● **Instructions to follow**
Before printing the listing, strip out its pictures and keep everything else exact.

● **Data section**
####################
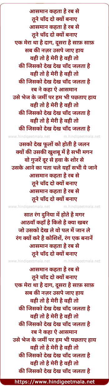 Lyrics of Aasman Kehta Hai Rab Se - आसमान कहता है रब से
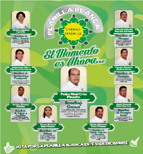Con un total de 7204 Votos emitidos por parte de la Base Trabajadora; la planilla Blanca de la Unidad Sindical obtuvo 3029 sobre la planilla Roja que contó con 2918 votos a favor, en 3 lugar la Planilla Verde con 953 votos Y por último la planilla Arena con 304 votos.
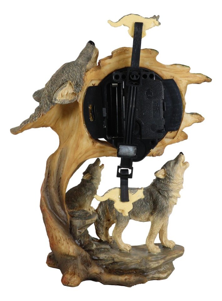 Ebros Howling Gray Wolves Family Table Clock with Pendulum 10.5" Height Decor
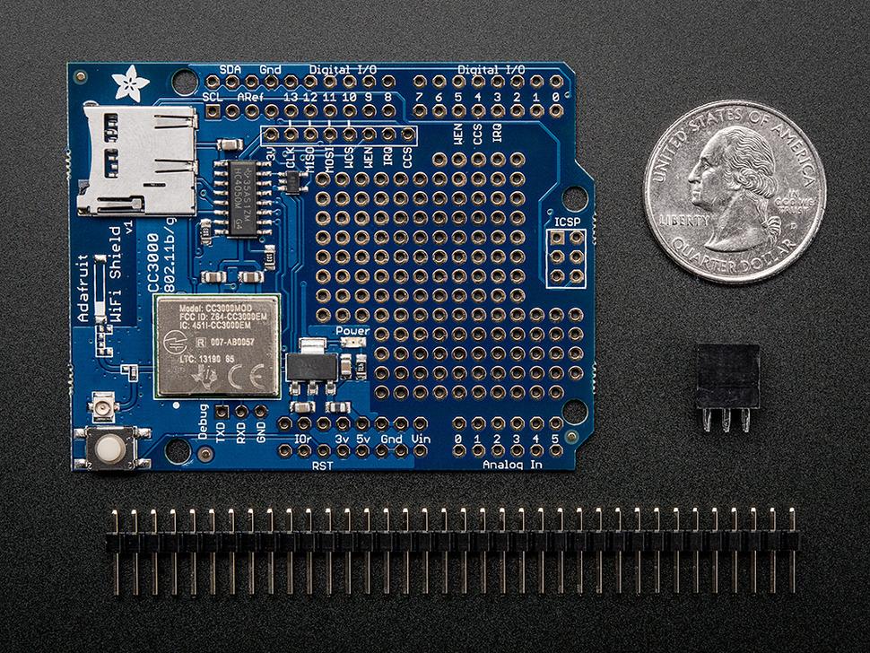 Inclusief een geassembleerde en geteste shield , male headers en een 2x3 female header voor eenvoudige integratie met een Arduino Uno of Mega. Hoewel een gedetailleerde tutorial nog in ontwikkeling is, zijn een werkende Arduino library en voorbeeldcode direct beschikbaar voor gebruik. Deze omvatten SSID-scanning, verbindingsinstellingen, DHCP, DNS, ping en externe TCP- socket .
####################
● **Answer space**
 Lyrics of Aasman Kehta Hai Rab Se - आसमान कहता है रब से
Con un total de 7204 Votos emitidos por parte de la Base Trabajadora; la planilla Blanca de la Unidad Sindical obtuvo 3029 sobre la planilla Roja que contó con 2918 votos a favor, en 3 lugar la Planilla Verde con 953 votos Y por último la planilla Arena con 304 votos.
 Ebros Howling Gray Wolves Family Table Clock with Pendulum 10.5" Height Decor
 Inclusief een geassembleerde en geteste shield , male headers en een 2x3 female header voor eenvoudige integratie met een Arduino Uno of Mega. Hoewel een gedetailleerde tutorial nog in ontwikkeling is, zijn een werkende Arduino library en voorbeeldcode direct beschikbaar voor gebruik. Deze omvatten SSID-scanning, verbindingsinstellingen, DHCP, DNS, ping en externe TCP- socket .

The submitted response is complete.